"Paul Revere's Ride" is an 1860 poem by American poet Henry Wadsworth Longfellow that commemorates the actions of American patriot Paul Revere on April 18, 1775, although with significant inaccuracies. It was first published in the January 1861 issue of The Atlantic Monthly. It was later retitled "The Landlord's Tale" in Longfellow's 1863 collection Tales of a Wayside Inn.

Overview
The poem is spoken by the landlord of the Wayside Inn and tells a partly fictionalized story of Paul Revere. In the poem, Revere tells a friend to prepare signal lanterns in the Old North Church (North End, Boston) to inform him whether the British will attack by land or sea. He would await the signal across the river in Charlestown and be ready to spread the alarm throughout Middlesex County, Massachusetts. The unnamed friend climbs up the steeple and soon sets up two signal lanterns, informing Revere that the British are coming by sea. Revere rides his horse through Medford, Lexington, and Concord to warn the patriots.

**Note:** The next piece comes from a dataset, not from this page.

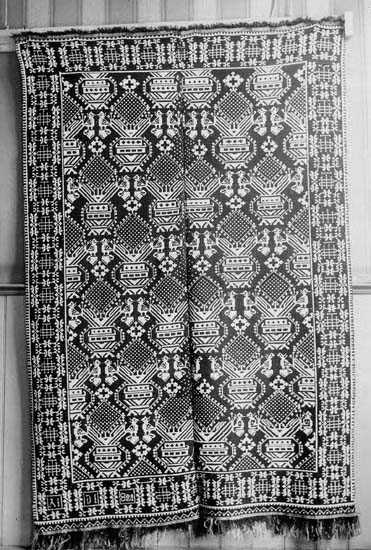 "Krukor och fåglar" brukade detta finnvävstäckes mönster kallas. "Ödsmål Inlands No [norra] Göteborg och Bohuslän" text på kortets baksida.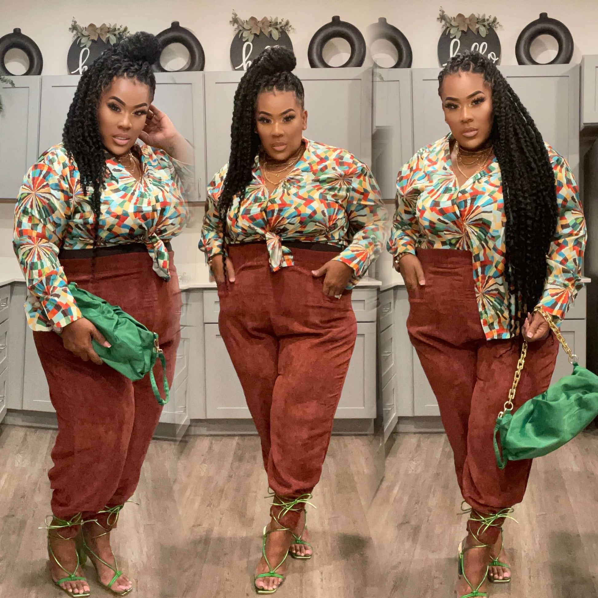 CORDUROY HIGHWAIST FRONT POCKET PANTS-RUST

Composition and publication history

Longfellow was inspired to write the poem after visiting the Old North Church and climbing its tower on April 5, 1860. He began writing the poem the next day. It was first published in the January 1861 issue of The Atlantic Monthly. It was later re-published in Longfellow's Tales of a Wayside Inn as "The Landlord's Tale" in 1863. The poem served as the first in a series of 22 narratives bundled as a collection, similar to Geoffrey Chaucer's The Canterbury Tales, and was published in three installments over 10 years.

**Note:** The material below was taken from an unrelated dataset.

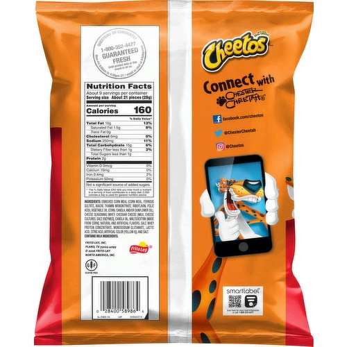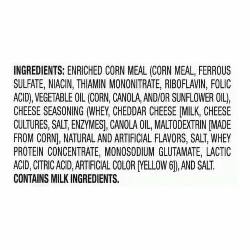 Enriched Corn Meal (Corn Meal, Ferrous Sulfate, Niacin, Thiamin Mononitrate, Riboflavin, Folic Acid), Vegetable Oil (Corn, Canola, and/or Sunflower Oil), Cheese Seasoning (Whey, Cheddar Cheese [Milk, Cheese Cultures, Salt, Enzymes], Canola Oil, Maltodextrin [Made from Corn], Natural and Artificial Flavors, Salt, Whey Protein Concentrate, Monosodium Glutamate, Lactic Acid, Citric Acid, Artificial Color [Yellow 6]), and Salt.

Longfellow's family had a connection to the historical Paul Revere. His maternal grandfather, Peleg Wadsworth, was Revere's commander on the Penobscot Expedition.

Analysis
When the poem was written in 1860, America was on the verge of Civil War. Longfellow first came forward publicly as an abolitionist in 1842 with the publication of his Poems on Slavery. Though he admitted the book made little impact, it was written for his best friend, Charles Sumner, an activist abolitionist politician with whom he would continue to share common cause on the issues of slavery and the Union. "Paul Revere's Ride" was published in the January 1861, issue of The Atlantic magazine on December 20, 1860, just as South Carolina became the first state to secede from the United States. The poem was meant to appeal to Northerners' sense of urgency and, as a call for action, noted that history favors the courageous. Longfellow, who often used poetry to remind readers of cultural and moral values, warns at the end of the poem of a coming "hour of darkness and peril and need", implying the breakup of the Union, and suggests that the "people will waken and listen to hear" the midnight message again. By emphasizing common history, he was attempting to dissolve social tensions.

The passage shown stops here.